**Task goal**
An exact copy of the data is required, with no pictures in it.

**Collected data**
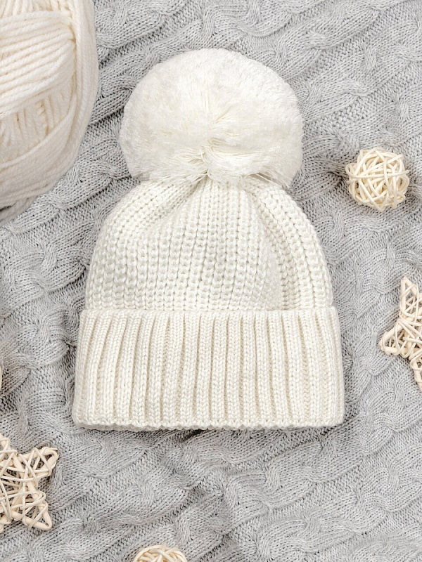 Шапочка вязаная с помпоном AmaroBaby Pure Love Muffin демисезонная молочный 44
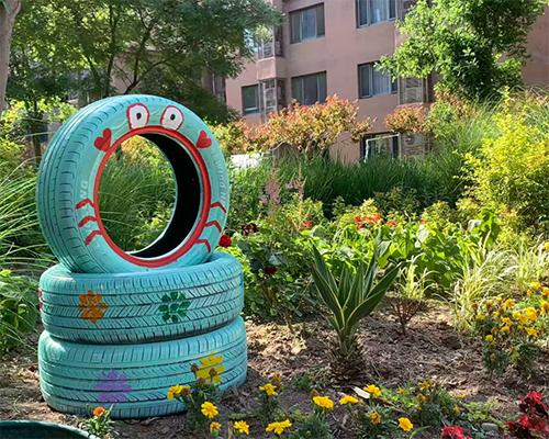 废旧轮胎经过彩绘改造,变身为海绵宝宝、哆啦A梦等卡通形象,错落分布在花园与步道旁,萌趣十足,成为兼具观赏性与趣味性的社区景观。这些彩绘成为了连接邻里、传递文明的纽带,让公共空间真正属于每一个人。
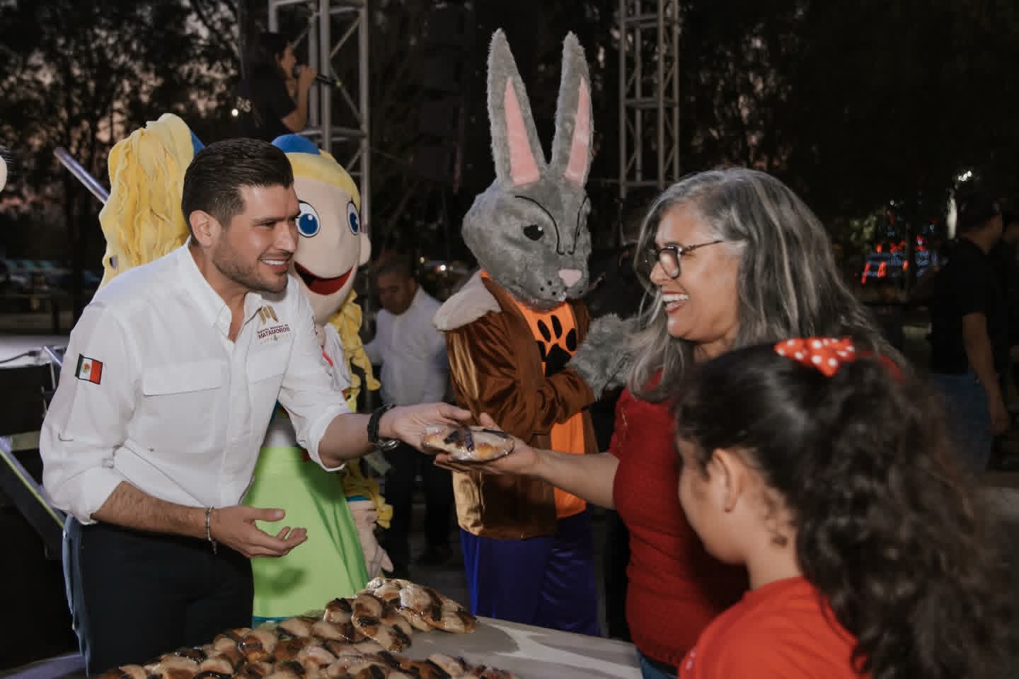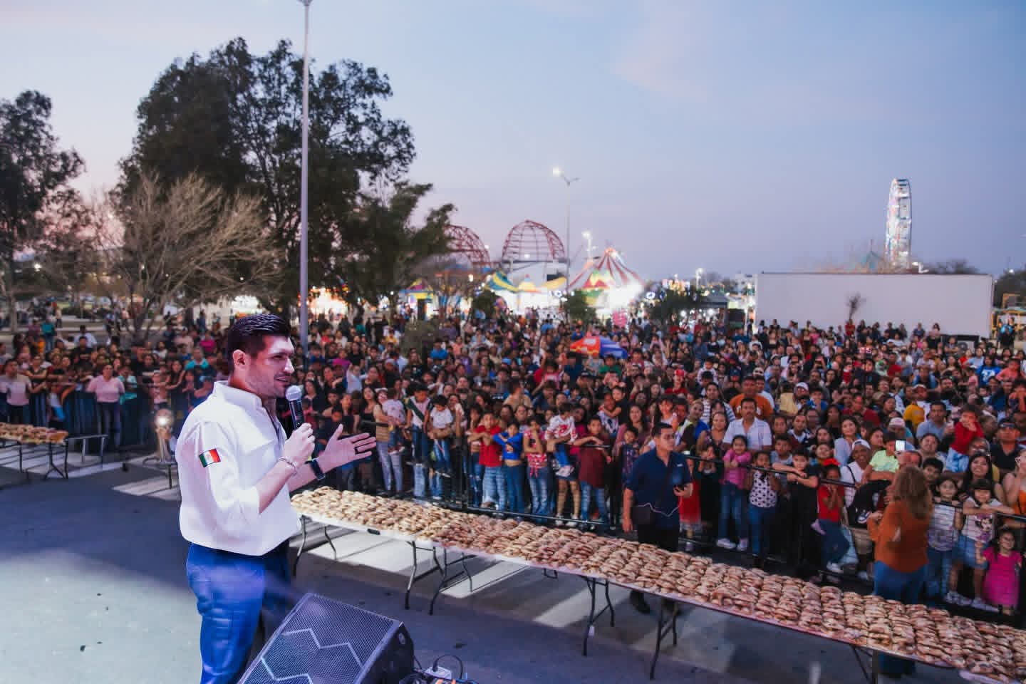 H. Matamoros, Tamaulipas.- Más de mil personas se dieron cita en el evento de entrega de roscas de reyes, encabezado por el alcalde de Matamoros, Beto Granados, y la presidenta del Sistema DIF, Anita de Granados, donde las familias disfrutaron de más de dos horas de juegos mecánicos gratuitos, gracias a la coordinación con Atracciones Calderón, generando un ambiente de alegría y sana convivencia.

**Answer to this exercise**
 Шапочка вязаная с помпоном AmaroBaby Pure Love Muffin демисезонная молочный 44
 废旧轮胎经过彩绘改造,变身为海绵宝宝、哆啦A梦等卡通形象,错落分布在花园与步道旁,萌趣十足,成为兼具观赏性与趣味性的社区景观。这些彩绘成为了连接邻里、传递文明的纽带,让公共空间真正属于每一个人。
 H. Matamoros, Tamaulipas.- Más de mil personas se dieron cita en el evento de entrega de roscas de reyes, encabezado por el alcalde de Matamoros, Beto Granados, y la presidenta del Sistema DIF, Anita de Granados, donde las familias disfrutaron de más de dos horas de juegos mecánicos gratuitos, gracias a la coordinación con Atracciones Calderón, generando un ambiente de alegría y sana convivencia.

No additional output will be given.